▸ DATASET EXTRACT
Start of Block

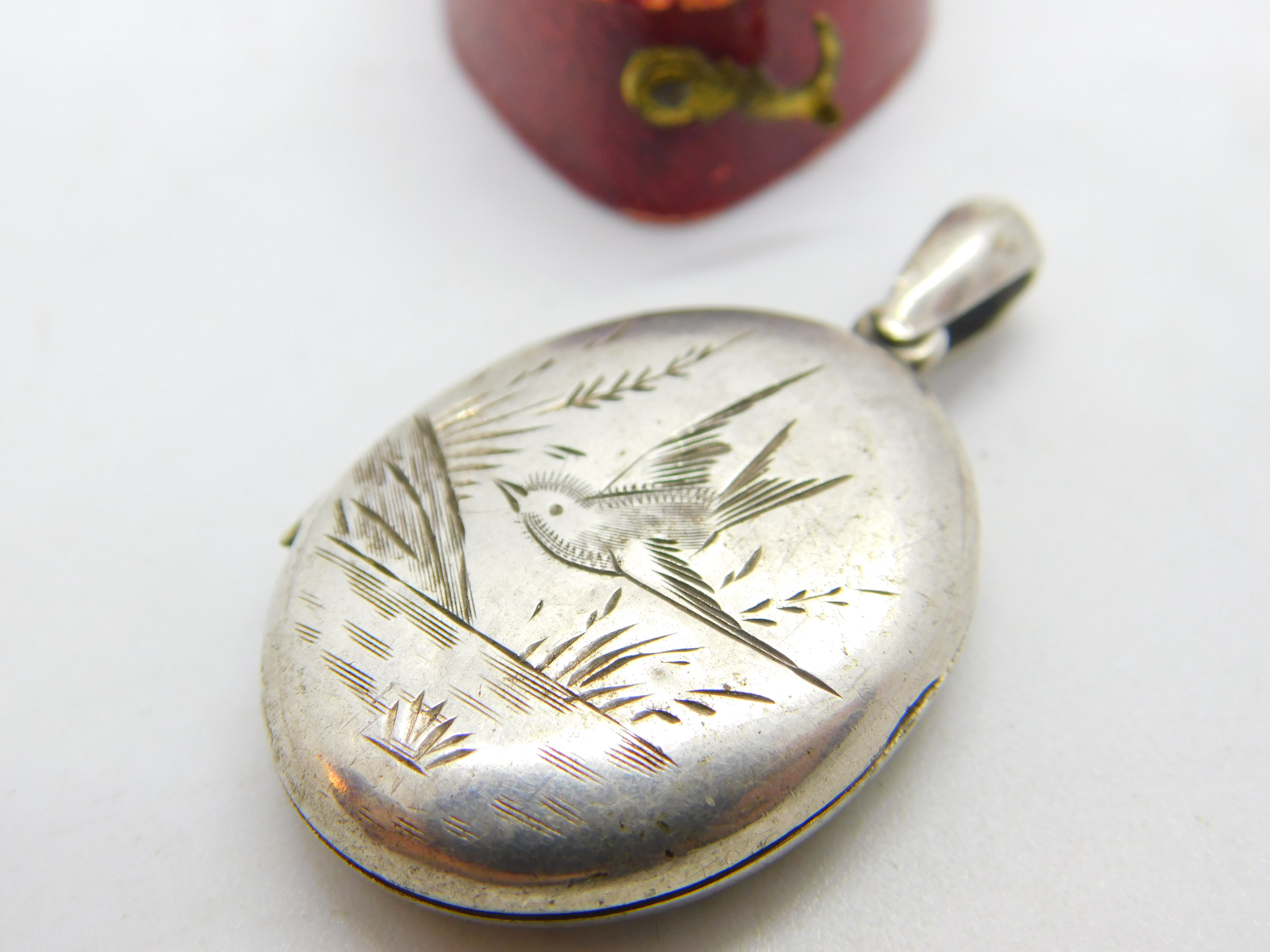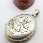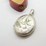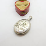 Swallow Bird Aesethetic Sterling Silver Double Locket Pendant Antique Victorian
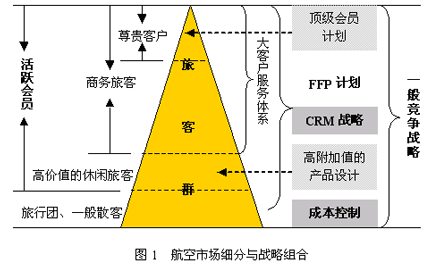 國內(nèi)主要航空公司都進(jìn)一步明確了市場(chǎng)細(xì)分與戰(zhàn)略組合的關(guān)系,凸現(xiàn)“以客戶為中心”的經(jīng)營理念,如圖1所示。
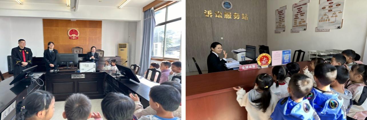 一進(jìn)入法庭,孩子們便被那莊嚴(yán)肅穆的氛圍深深感染。他們滿懷著好奇,仔細(xì)觀察著周圍的一切,心中對法治的敬畏與向往油然而生。在工作人員的精心安排下,小朋友們依次參觀了調(diào)解室、庭審室,初步了解了法庭的職責(zé)以及相關(guān)法律常識。孩子們聽得全神貫注,不時提出各種問題,與工作人員積極互動交流。
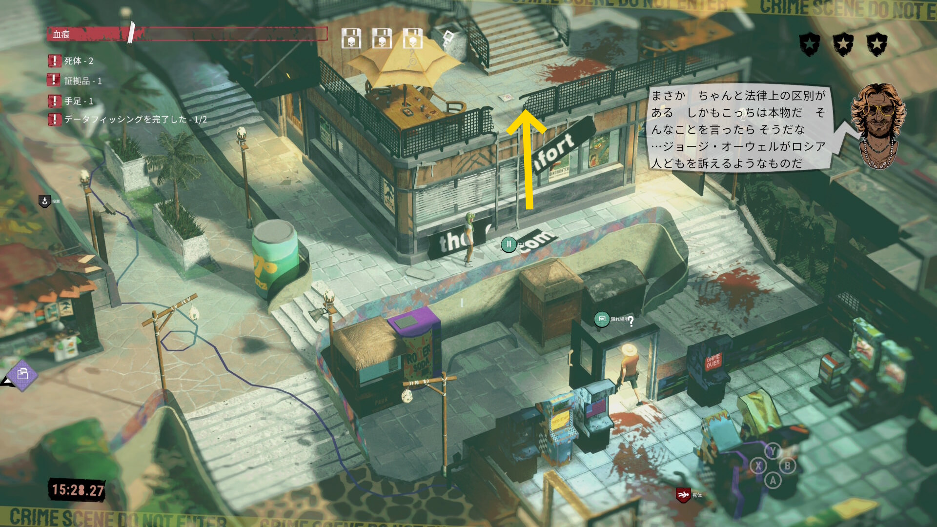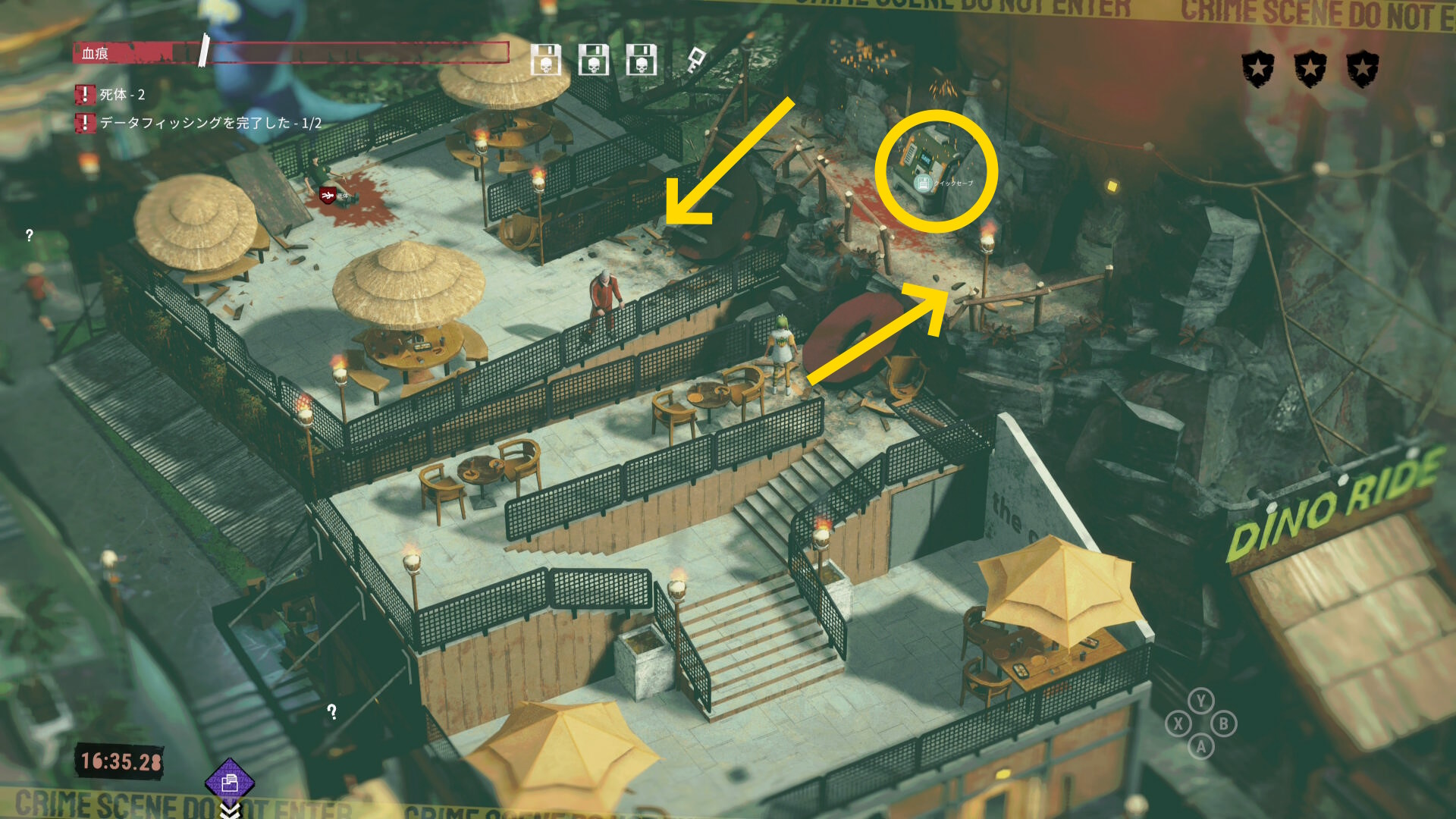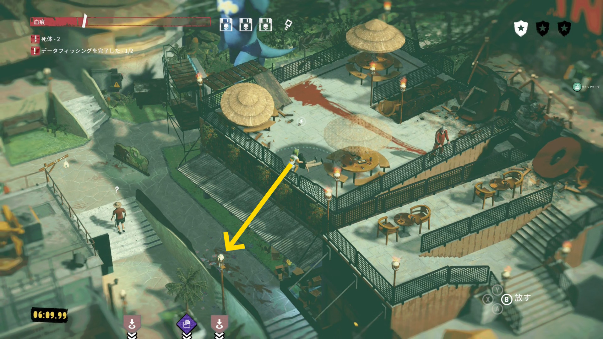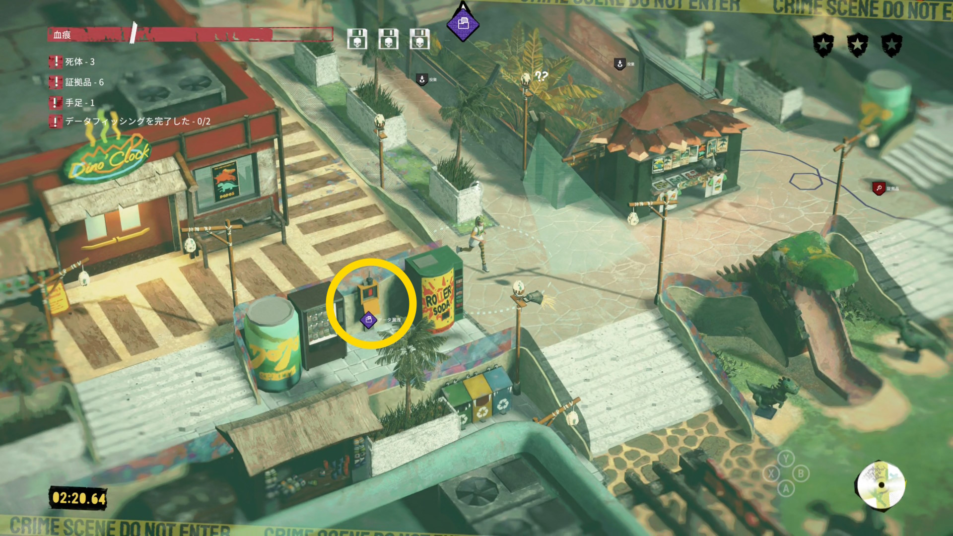 - 死体を投棄場まで運ぶが、バーとゲーセンの間くらいのところにある証拠品の回収を忘れずに

End of Block

▸ GOAL OF THE EXERCISE
Write out each line of the data exactly; the images should be left out.

▸ ANSWER FOR THE TASK
 Swallow Bird Aesethetic Sterling Silver Double Locket Pendant Antique Victorian
 國內(nèi)主要航空公司都進(jìn)一步明確了市場(chǎng)細(xì)分與戰(zhàn)略組合的關(guān)系,凸現(xiàn)“以客戶為中心”的經(jīng)營理念,如圖1所示。
 一進(jìn)入法庭,孩子們便被那莊嚴(yán)肅穆的氛圍深深感染。他們滿懷著好奇,仔細(xì)觀察著周圍的一切,心中對法治的敬畏與向往油然而生。在工作人員的精心安排下,小朋友們依次參觀了調(diào)解室、庭審室,初步了解了法庭的職責(zé)以及相關(guān)法律常識。孩子們聽得全神貫注,不時提出各種問題,與工作人員積極互動交流。
 - 死体を投棄場まで運ぶが、バーとゲーセンの間くらいのところにある証拠品の回収を忘れずに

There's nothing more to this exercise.